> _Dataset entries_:
· · · · · · ·
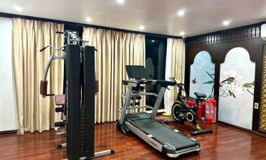 Early-morning Tai Chi on the sundeck is part of the daily program, offering a calm, healthy start surrounded by Halong’s limestone peaks.
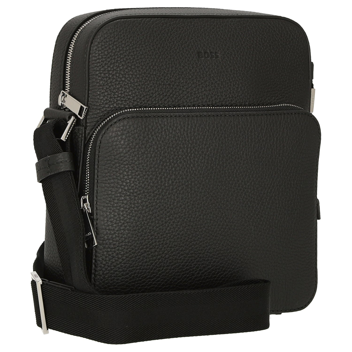 Discover the BOSS Crosstown Messenger Bag in elegant black. This stylish reporter bag made from high-quality, soft Italian leather combines functionality with fashionable chic. With its natural grain, it is not only a practical companion but also an expression of your personal style.
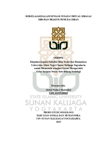 Abdul Wahab Hasbullah, NIM.: 21107020045 (2025) BERJELAJAH DALAM SENSASI: WISATA VIRTUAL SEBAGAI HIBURAN PRAKTIS PEMUDA URBAN. Skripsi thesis, UIN SUNAN KALIJAGA YOGYAKARTA.
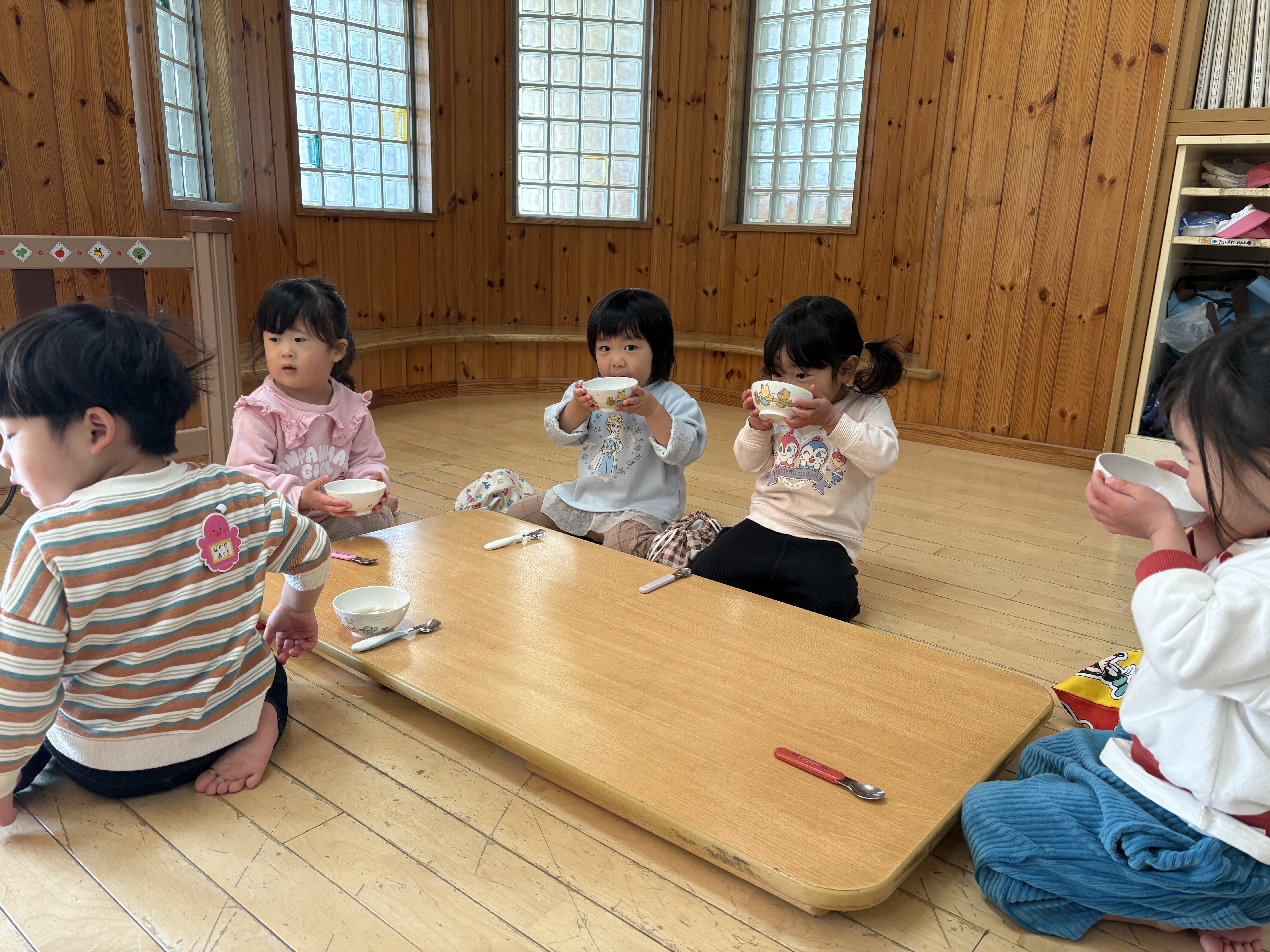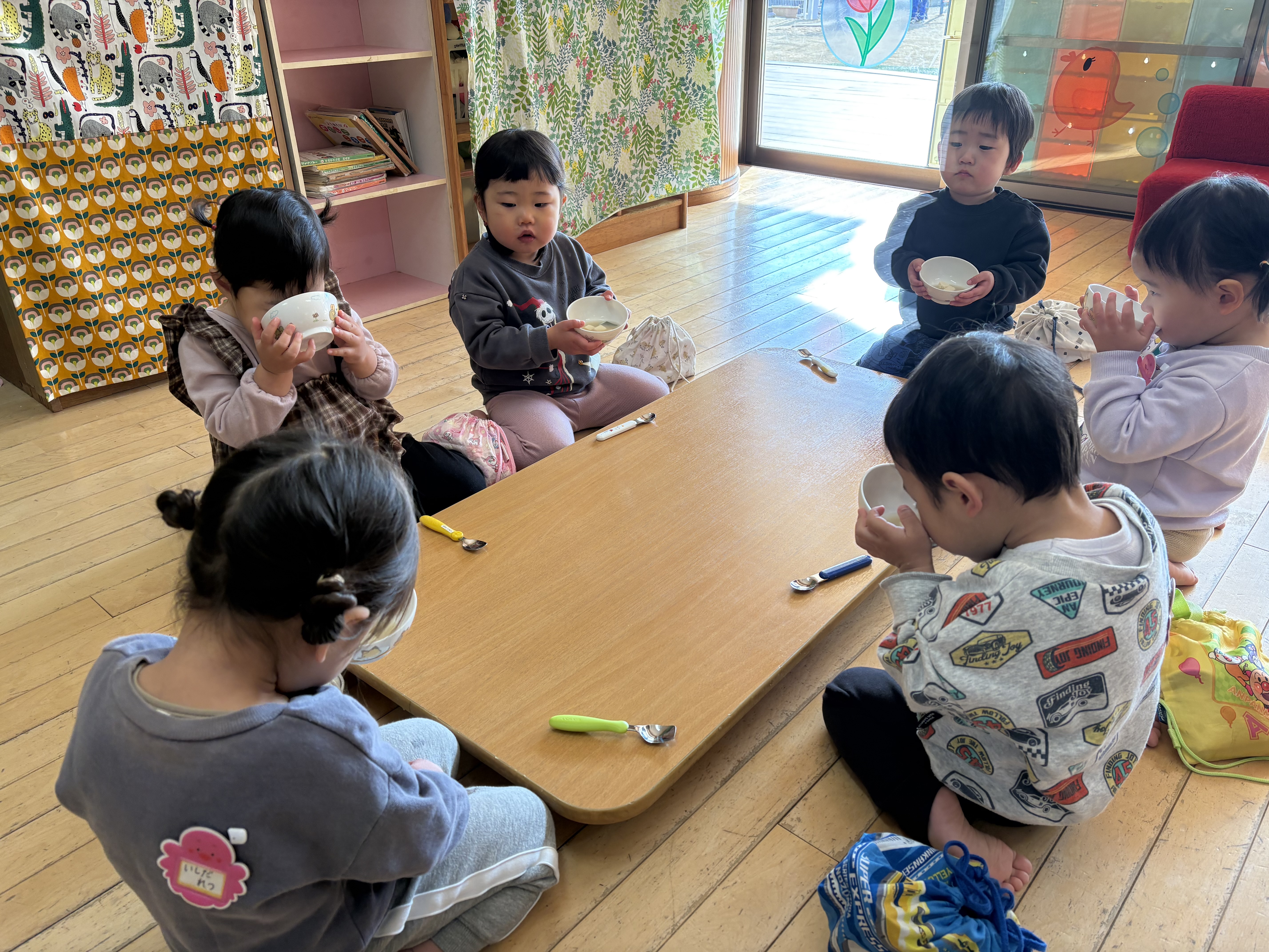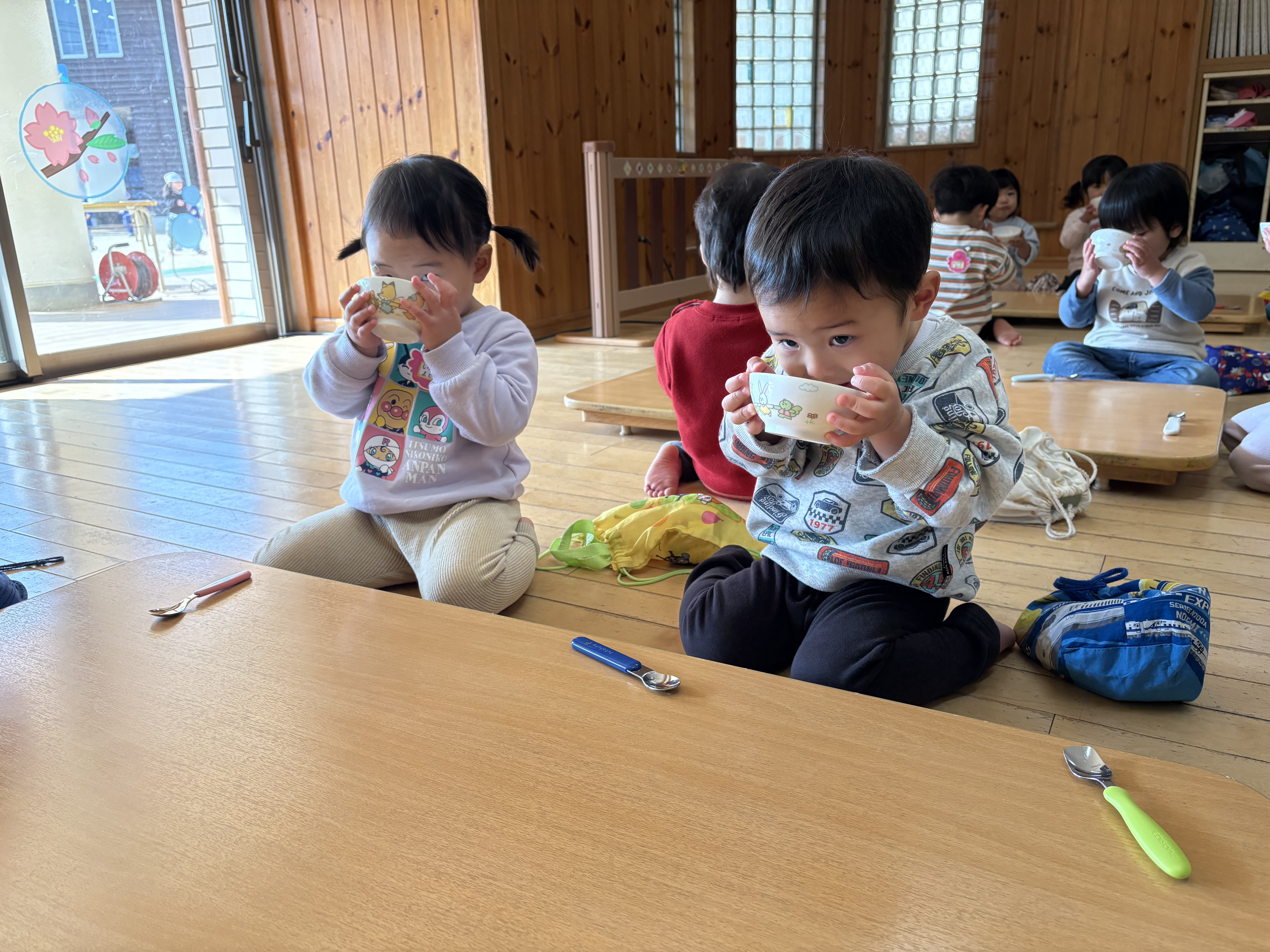 保育園れもん組の子どもたちは2歳児、4月から満3歳児で幼稚園児になります。風邪予防対策から始まったお味噌汁大作戦は子どもたちに大人気で「今日もお味噌汁があるよ」と声をかけると「お味噌汁!!」「ヤッター!!」と喜んでいました。1月お味噌汁大作戦が始まった頃はスプーンを持ってお汁をすくいながら飲んでいましたが、最近は「いただきます」をした後、両手でお椀を持って口に当てて飲むようになりました。お味噌汁の具材も日によって違います。具材を見て「これなに?」「これワカメ」「これおとうふ」と言いながら食材に興味を持っている子もいます。
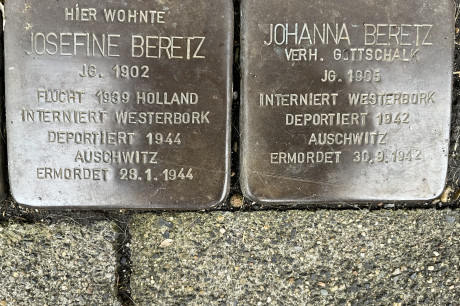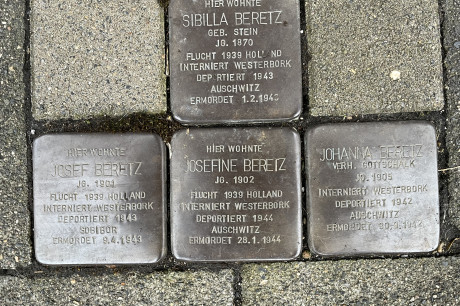 Friedenstraße 81: Sibilla Stein wurde am 17.04.1870 als Tochter von Lazarus Stein und Regina Stein, geb. Levy in Gindorf geboren, sie heiratete Alexander Beretz (*20.08.1856, †unbekannt), drei Kinder sind bekannt: Josef, Johanna und Josefine. Nach der Flucht im Jahr 1939 nach Holland wurde Sibilla im Durchgangslager Westerbork interniert. Von dort aus wurde sie im Jahr 1943 ins KZ Auschwitz deportiert, wo sie am 01.02.1943 ermordet wurde.
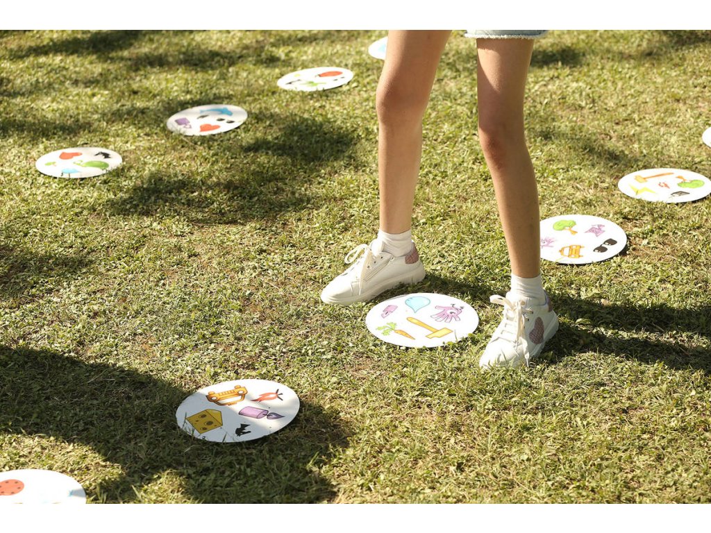 Společenská postřehová hra Dobble Giant. Najděte stejné symboly na cestě k vítězství! Větší kulaté karty, 4 varianty hry.
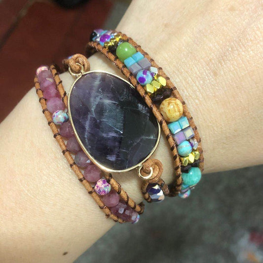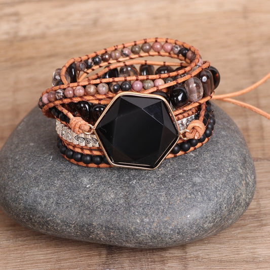Bohemian Multi-Layered Decorative Hexagonal Obsidian Bracelet
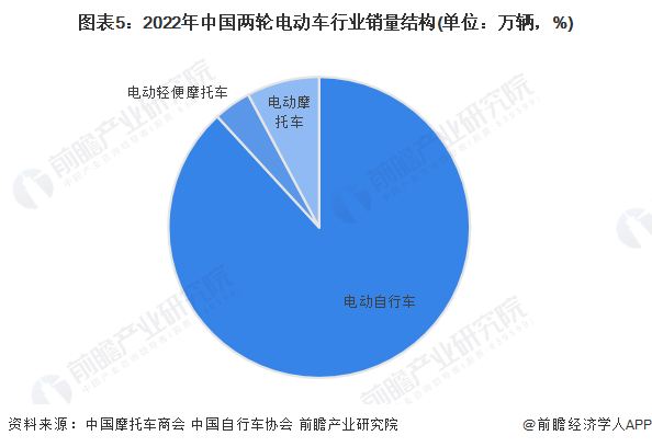 从2022年中国两轮电动车销量情况来看,电动自行车是我国两轮电动车最大的细分市场,据中国自行车协会初步统计,2022年我国电动自行车销量约为5000万辆,约占两轮电动车市场的88%;其次为电动摩托车,2022年销量约为442万辆,市场占比为8%。
· · · · · · ·
> _What you are asked to do_: Copy the records shown above in their entirety and exactly; images are to be left out.

> _Your response_:
 Early-morning Tai Chi on the sundeck is part of the daily program, offering a calm, healthy start surrounded by Halong’s limestone peaks.
 Discover the BOSS Crosstown Messenger Bag in elegant black. This stylish reporter bag made from high-quality, soft Italian leather combines functionality with fashionable chic. With its natural grain, it is not only a practical companion but also an expression of your personal style.
 Abdul Wahab Hasbullah, NIM.: 21107020045 (2025) BERJELAJAH DALAM SENSASI: WISATA VIRTUAL SEBAGAI HIBURAN PRAKTIS PEMUDA URBAN. Skripsi thesis, UIN SUNAN KALIJAGA YOGYAKARTA.
 保育園れもん組の子どもたちは2歳児、4月から満3歳児で幼稚園児になります。風邪予防対策から始まったお味噌汁大作戦は子どもたちに大人気で「今日もお味噌汁があるよ」と声をかけると「お味噌汁!!」「ヤッター!!」と喜んでいました。1月お味噌汁大作戦が始まった頃はスプーンを持ってお汁をすくいながら飲んでいましたが、最近は「いただきます」をした後、両手でお椀を持って口に当てて飲むようになりました。お味噌汁の具材も日によって違います。具材を見て「これなに?」「これワカメ」「これおとうふ」と言いながら食材に興味を持っている子もいます。
 Friedenstraße 81: Sibilla Stein wurde am 17.04.1870 als Tochter von Lazarus Stein und Regina Stein, geb. Levy in Gindorf geboren, sie heiratete Alexander Beretz (*20.08.1856, †unbekannt), drei Kinder sind bekannt: Josef, Johanna und Josefine. Nach der Flucht im Jahr 1939 nach Holland wurde Sibilla im Durchgangslager Westerbork interniert. Von dort aus wurde sie im Jahr 1943 ins KZ Auschwitz deportiert, wo sie am 01.02.1943 ermordet wurde.
 Společenská postřehová hra Dobble Giant. Najděte stejné symboly na cestě k vítězství! Větší kulaté karty, 4 varianty hry.
Bohemian Multi-Layered Decorative Hexagonal Obsidian Bracelet
 从2022年中国两轮电动车销量情况来看,电动自行车是我国两轮电动车最大的细分市场,据中国自行车协会初步统计,2022年我国电动自行车销量约为5000万辆,约占两轮电动车市场的88%;其次为电动摩托车,2022年销量约为442万辆,市场占比为8%。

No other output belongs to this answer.